Il faut prendre conscience de la vanité qu’il y a à vouloir manger, non pour se nourrir, mais pour le pur plaisir gustatif. Ce dernier ne pose problème que dans la mesure où il nous conduit vers 1) la consommation excessive de nourriture et 2) la consommation de certains aliments nocifs mais plaisants. Ces deux conséquences sont destructrices pour notre corps et en cela blâmables. Et la première l’est davantage, dans la mesure où il est absolument indécent de manger plus que nécessaire lorsque certains manquent de nourriture.
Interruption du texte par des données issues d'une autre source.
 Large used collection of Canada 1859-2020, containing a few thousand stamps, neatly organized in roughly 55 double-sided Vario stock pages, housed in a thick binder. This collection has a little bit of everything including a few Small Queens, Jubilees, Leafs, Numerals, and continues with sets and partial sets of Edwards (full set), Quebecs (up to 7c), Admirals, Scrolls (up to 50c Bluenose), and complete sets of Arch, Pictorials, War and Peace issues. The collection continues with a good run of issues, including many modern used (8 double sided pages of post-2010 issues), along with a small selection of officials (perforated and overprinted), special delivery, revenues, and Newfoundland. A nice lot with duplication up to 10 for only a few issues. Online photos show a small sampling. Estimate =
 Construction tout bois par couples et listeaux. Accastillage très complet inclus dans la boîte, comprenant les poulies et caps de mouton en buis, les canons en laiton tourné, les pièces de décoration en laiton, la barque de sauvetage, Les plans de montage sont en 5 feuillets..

C’est d’autant plus important de repenser son rapport à la nourriture dans le contexte capitaliste de notre temps, où les pratiques alimentaires sont conditionnées par des industries qui sacrifient notre santé, les animaux non-humains et la nature tout entière pour le sacro-saint profit. Se rappeler le plaisir de manger pour éteindre sa faim et cesser plus facilement de vendre son corps aux industriels avides d’argent en échange d’un cadavre, d’une pâtisserie bourrée de sucres raffinés, d’un produit transformé plus cancérigène que nutritif. Le but, ce serait de se rapprocher de cet idéal épicurien où " des mets simples donnent un plaisir égal à celui d’un régime somptueux si toute la douleur causée par le besoin est supprimée, et, d’autre part, du pain d’orge et de l’eau procurent le plus vif plaisir à celui qui les porte à sa bouche après en avoir senti la privation" (Lettre à Ménécée).
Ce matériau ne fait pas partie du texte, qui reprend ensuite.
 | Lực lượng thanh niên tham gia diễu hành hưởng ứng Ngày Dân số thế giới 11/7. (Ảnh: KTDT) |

J’aimerais que ce mois de Ramadan soit l’occasion de méditer sur la nourriture, sur mon rapport à elle et sur la place qu’elle prend dans ma vie. Cela impliquera de s’informer sur le jeûne (à visée spirituelle) dans ses diverses pratiques. Je privilégierai peut-être les sources autour du Ramadan, mais rien n'exclut d'aller aussi chercher du côté des autres spiritualités, voire même de se pencher sur les études scientifiques portant sur ses vertus médicinales. J’ai très hâte. En attendant, je vous souhaite un très bon début de Ramadan.
Notes de bas de page :
[1] Par « âme » ou « esprit », j’entends la partie immatérielle de notre être, dont je postule l’existence. Ce manque de rigueur ne m’empêchera pas de continuer de dénoncer avec ferveur toute utilisation de mots vagues, mystico-mystérieux par les universitaires, tout simplement parce qu’ici on est dans un journal de bord et non dans un article scientifique. Bisous.
[2] Il va sans dire que l’exercice de sa volonté peut aussi être restreint par diverses conditions (matérielles, psychiques, etc.). Il s’agit toujours de mesurer ses efforts en prennant en considération la marge de manœuvre dont nous disposons initialement.